What leads to revolution or ruin?

Amidst a season of great tales of personal and political struggle spanning From the House of the Dead, Macbeth and Lady Macbeth of the Mtsensk District at the Royal Opera House, this special event explores the role of poetry and opera in narrating the voices central to the turmoil of personal and political oppression.

Featuring talks, live poetry and operatic performance with members of the Royal Opera Company, opera historian Sarah Lenton, poets Anthony Anaxagorou and Bejan Matur, and Clare Pollard who will be reading the english translations of Matur's work.
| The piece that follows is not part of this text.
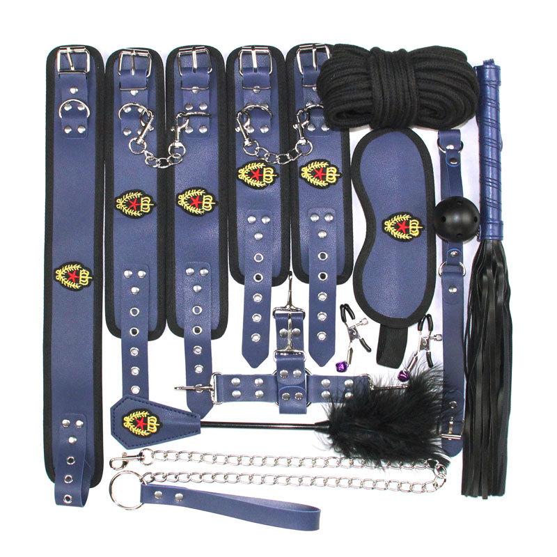 With Leg diamond for slave girls , For Good Master or dom, He will love it. With diamond nipple clamps , BSDM whips, Bondage Paddle, Blindfold, And Ankle Binder And Arm Binder, Pet Collar Inside. That's very awesome pack for BDSM beginners.

Anthony Anaxagorou is a British born Cypriot, award-winning poet, fiction writer, essayist and poetry educator. He has published 9 volumes of poetry, a spoken-word EP, and a collection of short stories. His poetry and fiction have appeared on BBC Newsnight, BBC Radio 4, ITV, Vice UK, Channel 4 and Sky Arts and has been published in many major publications. His work champions oppressed peoples, both in the UK and globally, this encompasses politics, society, race, ethnicity, gender and class. He is the founder of Out-Spoken, a poetry press and platform for emerging poets, with an emphasis on BAME writers. Anthony will be setting the scene, providing a contextual overview of oppression throughout the ages as told through poetry.

Bejan Matur is a multi-award-winning Turkish poet and writer with Kurdish origin, currently living in London. She is a leading figure in the bold new poetry emerging from the Middle East. Her poetry has been translated into 20 languages. Her poetry engages directly with the struggles of her people, and yet there is also a mysticism in her writing, a closeness to nature, an embracing of mythology. Bejan's first collections of poetry,Rüzgar Dolu Konaklar (Wind Howl Through the Mansions 1996) won several literary prizes. She has written several prose books, works for the stage and is the author of eight future collections. Bejan will be drawing on her own experiences to explore why poetry has been such a key medium for telling tales of oppression and revolution.

Clare Pollard was born in Bolton in 1978. She has published five collections of poetry with Bloodaxe, the latest of which is Incarnation (2017). Clare’s play The Weather (Faber, 2004) premiered at the Royal Court Theatre and her translation projects include a version of Ovid’s Heroines (2013), which she toured as a one-woman show, and a co-translation of Asha Lul Mohamud Yusuf’s The Sea-Migrations (2017) which was The Sunday Times Poetry Book of the Year. She is the new editor of Modern Poetry in Translation, co-founded by Ted Hughes.